Old Baggage by Lissa Evans


I listened to this book some months ago without writing about it and had forgotten it. I realized that when Laura mentioned reading it because Nancy Pearl recommended it.

The main characters, Mattie Simpkin and Flora Lee (known as the Flea) are veterans of the suffrage movement in Britain and have the battle scars to prove it. Mattie comes from a privileged background while the Flea always had to work to survive. It is now the late 1920s and the hard-charging Mattie is always looking for ways to improve the lives of women. The Flea does the same, but with a more self-aware touch.
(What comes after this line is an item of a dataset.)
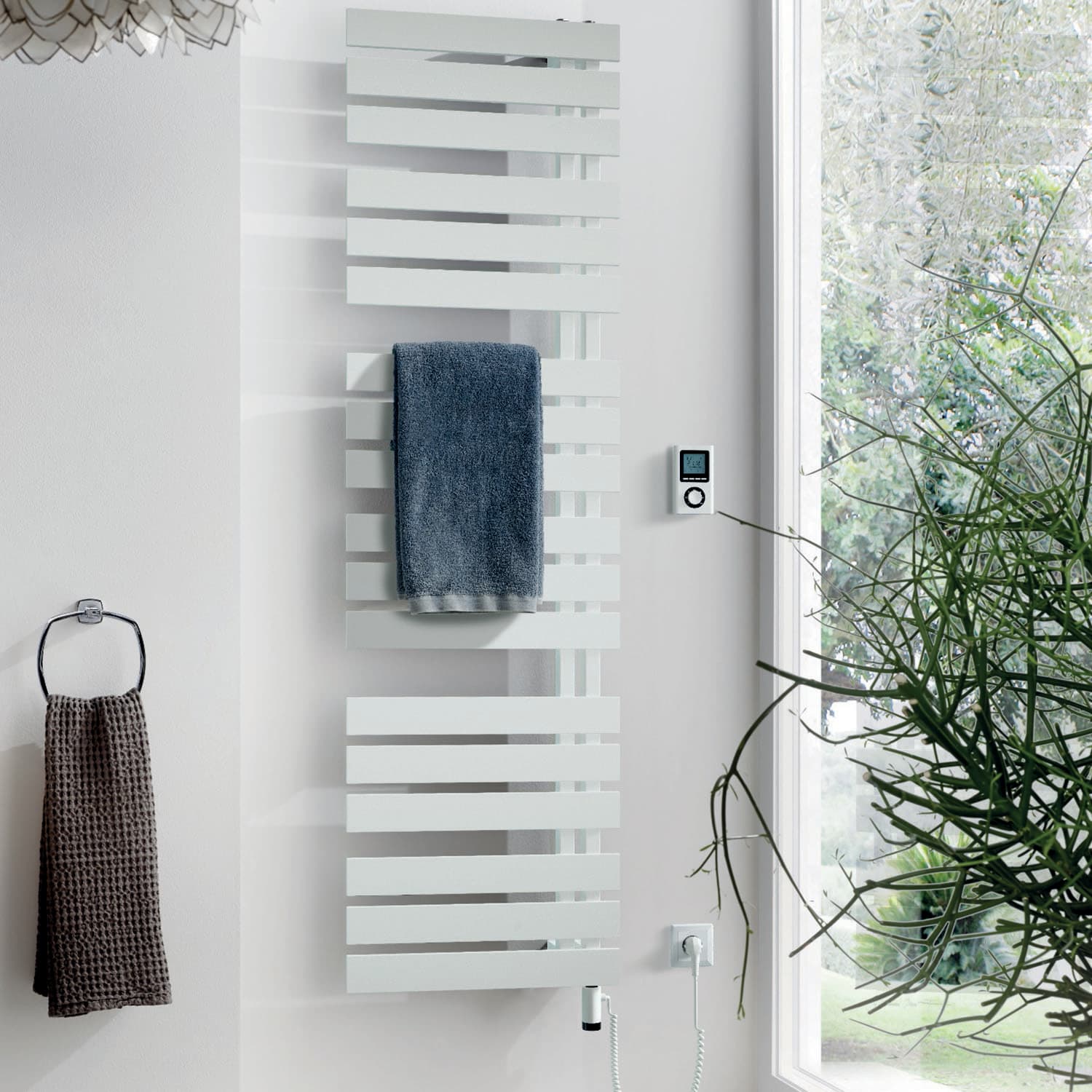 - Designheizkörper mit offener Anordnung der Heizlamellen für bequemes Überhängen von Handtüchern

Mattie encounters an old comrade from the suffrage days who after spending years in Australia has become a supporter of the nascent fascist movement. A brief visit with her inspires Mattie to begin an organization for teenage girls to encourage physical and educational activities on the nearby Hampstead Heath. It begins inauspiciously, but develops into a robust group. At the same time Jacqueline, her old comrade, has a rival one that has boys and girls and involves uniforms and marching.
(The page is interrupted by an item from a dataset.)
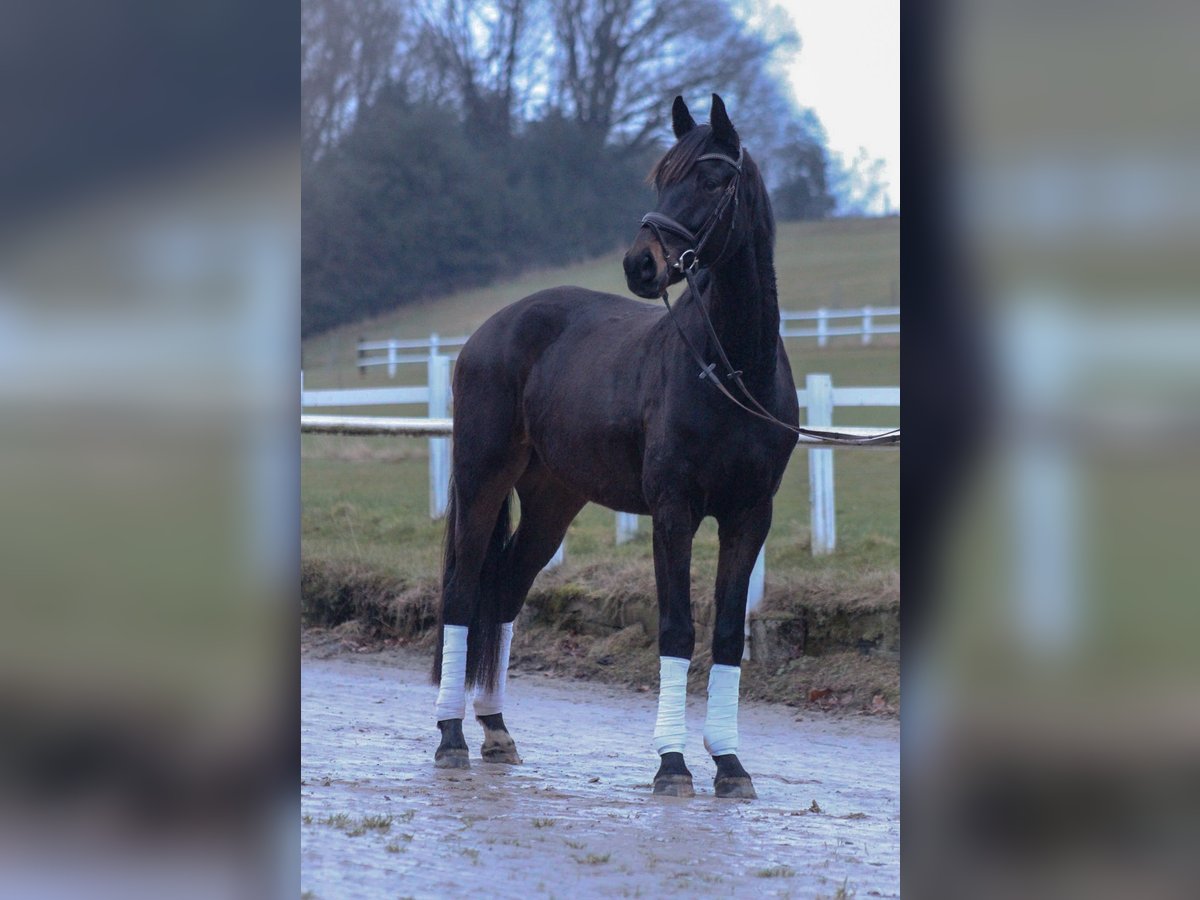 This 5-year-old gelding is currently looking for his perfect home. Dreamy stands approximately 1.73 meters tall and truly lives up to his name. Whether on the lead or under saddle, he is always an absolute sweetheart. He learns very quickly under saddle and brings great joy with his gentle nature. He is still at the beginning of his training, but already jumps small courses and shows enjoyment in pole work. I can see him as both a leisure horse and an excellent training horse for dressage or show jumping. He has three good gaits, with the walk and canter being particularly notable. Due to his temperament, he is suitable for a nervous or less experienced rider. He is also very friendly towards other horses. Currently, he spends half of the day on the paddock with us. If you are looking for an honest and sensible horse, you’ve come to the right place. We wish him a loving home with a family environment. A recent TÜV inspection from 2023, with no findings, including assessments of his back, neck, and poll, is available. Trial rides are of course possible, and videos can be sent upon request. For questions, please contact us at: 0157 56375226 Pedigree: Dream Boy x Van Gogh

Mattie loses her moral bearing in support of a member of the group, Inez. Upon meeting Inez, Mattie realizes her mother was a deceased suffragette she had known who had an affair with Mattie’s beloved brother who died in the war. In a rash moment Mattie gave Inez unfair help in a contest between the two groups. Her actions had disastrously bad results and punctures her self-assurance, ultimately with positive results.
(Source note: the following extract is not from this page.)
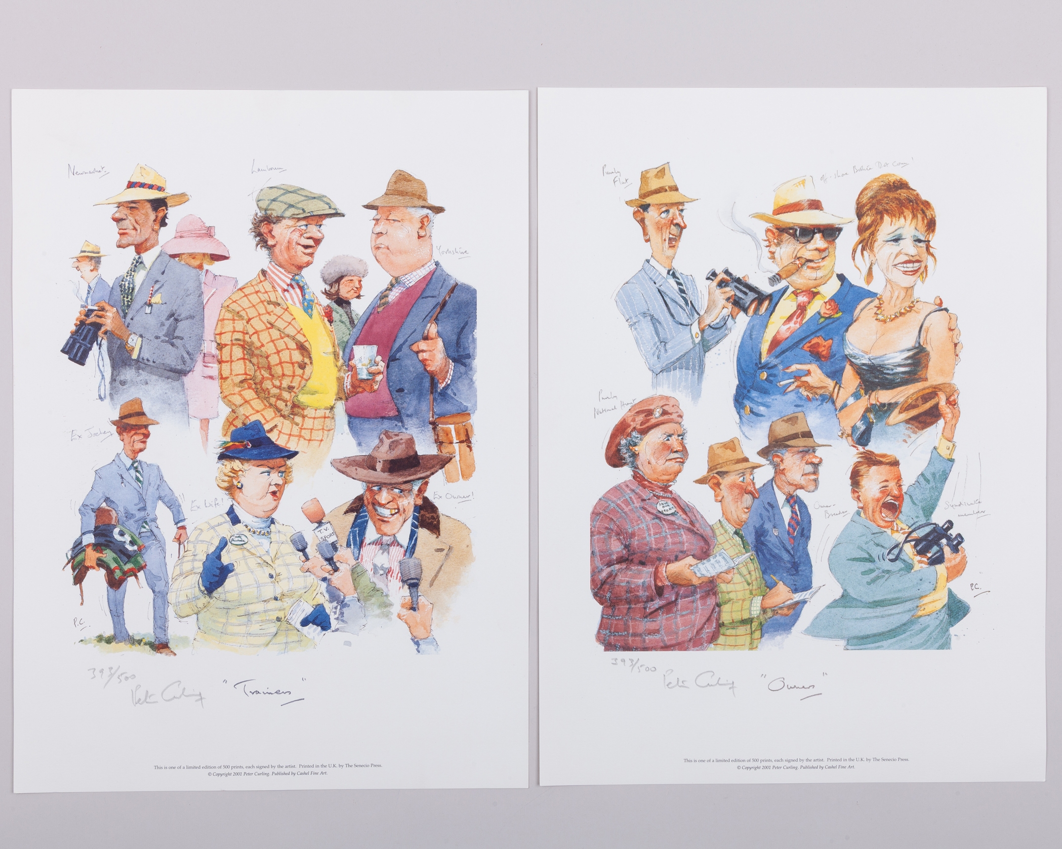 Group of seven Peter Curling (Irish, b.1955) caricature prints,

Mattie is most appealing when she kindly manages an alcoholic suffragette when they were attending the funeral of Emmeline Pankhurst, promising her a bit more to drink if they just can walk a little further.

I liked the style of writing, characterized by episodes that are leave a bit of space between them. A fun, pleasing audiobook.

Lissa Evans, Old Baggage, Harper Perennial, 2019, 310 pages (I listened to the audiobook). Available in the public library.